_What is expected_
Pictures excluded, copy every record that follows exactly as it appears.

Saved entries:
_ _ _ _ _

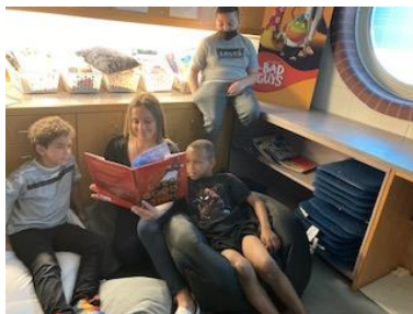
Author visits-Mill Academy/Elementary
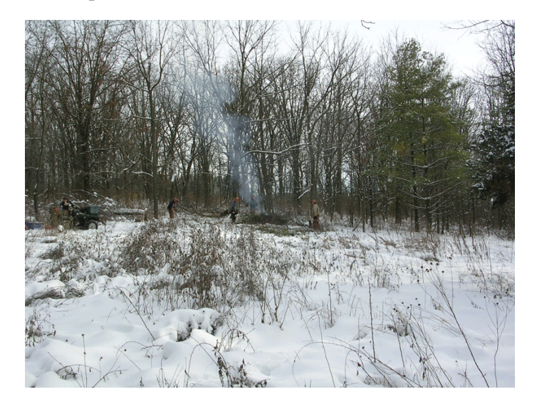
Expanding a prairie remnant called the Glade with the help of The Prairie Enthusiasts last winter.
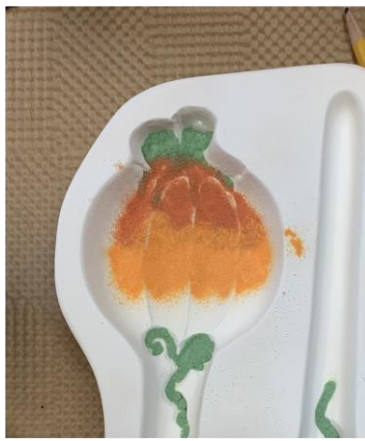
Add the F1 Orange to the middle of the pumpkins.
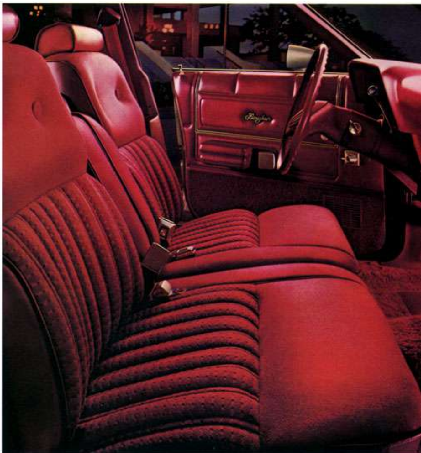
Twin Comfort Lounge seat interior available w/Brougham Decor Group option
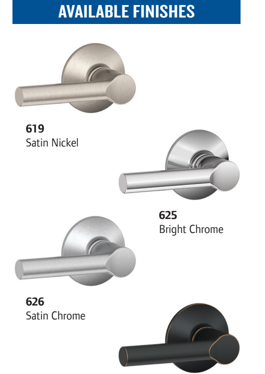
716 Aged Bronze

** Greenwich will be available to order Summer 2013
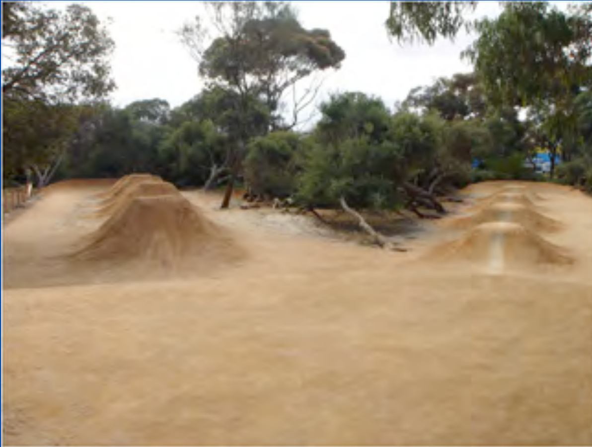
Bayside BMX Dirt Jumps
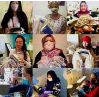
Join the Gala 6 pm Friday, March 22

Join Plymouth’s Sponsor Circle at Refugee Artisan Initiative’s Inaugural Gala, featuring a global meal, beverages, live auction, and dessert. During this multi-cultural celebration, you’ll have the opportunity to learn more about RAI’s work, meet the artisans, and support the mission.
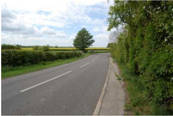
3.26 Leaving Normanby heading north on B1241
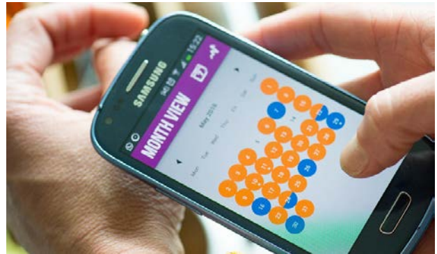
Figure 1 SnAPP data capture and visualisation platform

Each submission will be assigned a DOI string to be included here.
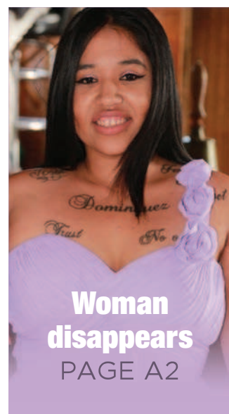
Woman disappears PAGE A2
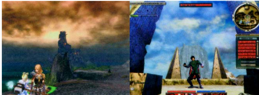
Figure 5: Photos Taken within Guild Wars, ‘as a tourist’ at Perdition Rock and with the Participant ‘in an action photo’ at Augery Rock [Participant K]

_ _ _ _ _

_Your solution_
Author visits-Mill Academy/Elementary
Expanding a prairie remnant called the Glade with the help of The Prairie Enthusiasts last winter.
Add the F1 Orange to the middle of the pumpkins.
Twin Comfort Lounge seat interior available w/Brougham Decor Group option
716 Aged Bronze

** Greenwich will be available to order Summer 2013
Bayside BMX Dirt Jumps
Join the Gala 6 pm Friday, March 22

Join Plymouth’s Sponsor Circle at Refugee Artisan Initiative’s Inaugural Gala, featuring a global meal, beverages, live auction, and dessert. During this multi-cultural celebration, you’ll have the opportunity to learn more about RAI’s work, meet the artisans, and support the mission.
3.26 Leaving Normanby heading north on B1241
Figure 1 SnAPP data capture and visualisation platform

Each submission will be assigned a DOI string to be included here.
Woman disappears PAGE A2
Figure 5: Photos Taken within Guild Wars, ‘as a tourist’ at Perdition Rock and with the Participant ‘in an action photo’ at Augery Rock [Participant K]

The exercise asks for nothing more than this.